Amazing Bird: Age 65, May Have Had 40 Chicks, Traveled Three Million Miles
By their sixth decade, many parents start to think more about retirement and grandkids, the worries of childrearing a distant memory.
But for 65-year-old Wisdom the Laysan albatross, motherhood is still very much on her mind.
The oldest wild bird, which nests annually at the Midway Atoll National Wildlife Refuge in the Pacific Ocean, recently hatched her most recent chick, Kūkini, which is the Hawaiian word for "messenger."

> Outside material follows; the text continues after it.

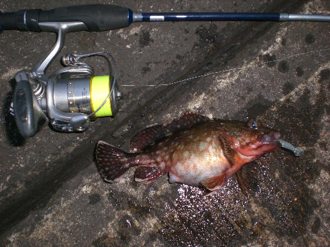 皆さんこんにちは~昨夜はデカメバルを求めて東伊豆にメバリングに行って来ました~日中に何とか仕事を終わらせていざ東伊豆へ18時頃kojikoji1091さんを迎えに行き、二人で最初のPへ!全くアタリが無く即移動です(笑)次のPの1投目にアタリが!キターー!!自己記録更新の23センチですやっと20センチ越えを達成しました~もう満足で帰ってもいいやーって気分です(爆)爆)ここではこの1匹のみで終了です。次の場所でYaGiさんと合流YaGiさんとははじめまして~~です気さくな方でめちゃ楽しくて元気だな~って印象でしたそして何と!YaGiさんから緑のお猿さん(松SP)を貰っちゃいました~ありがとうございます大事に使わせてもらいますね~その後3人でランガンです数ヶ所廻って次のPに到着!ここで2投目に・・・中層をゆっくり巻いて来るとクン!クン!ってアタリ!キターー!!ヤッター!26センチのメバルをゲット~もちろん自己記録更新ですその後は暫く粘りましたがアタリも無く次の場所ではうねりが入っていてやはりダメ・・・ここでYaGiさんが終了としました。お疲れ様でした~。その後、kojikojiさんと何ヶ所かやってみましたがメバルからの反応も無く終了としました。今回、自己記録も更新出来て大満足の釣行でした応援してやるよって方、ポチッっとお願いますm(__)m ↓ ↓ ↓ ↓

An albatross mates for life, and Wisdom has survived several mates and reared more than 30 chicks. She has been with her current mate, Akeakamai, for several years, although scientists don’t know his age. (Related: "Wisdom the Albatross and Other Shockingly Old Moms.")

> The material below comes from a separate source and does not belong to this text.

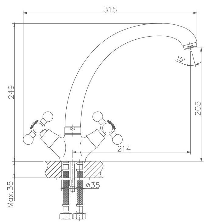 • Высота смесителя:

Every year, an albatross can lay one egg, and 98 percent of Laysan albatrosses come back to the Midway Atoll and Hawaiian Islands to breed.
“Wisdom is really teaching us how much we have to learn. We didn’t know an albatross would live this long and still be producing chicks,” said Susan White, a project leader with the U.S. Fish and Wildlife Service.
When scientist Chandler Robbins first banded Wisdom in 1956 as part of a project with the U.S. Geological Survey, he estimated the bird was around five years old. Without teeth or other markers to conclusively determine age, and no visible signs of aging, it can be tough to figure out how old a bird is.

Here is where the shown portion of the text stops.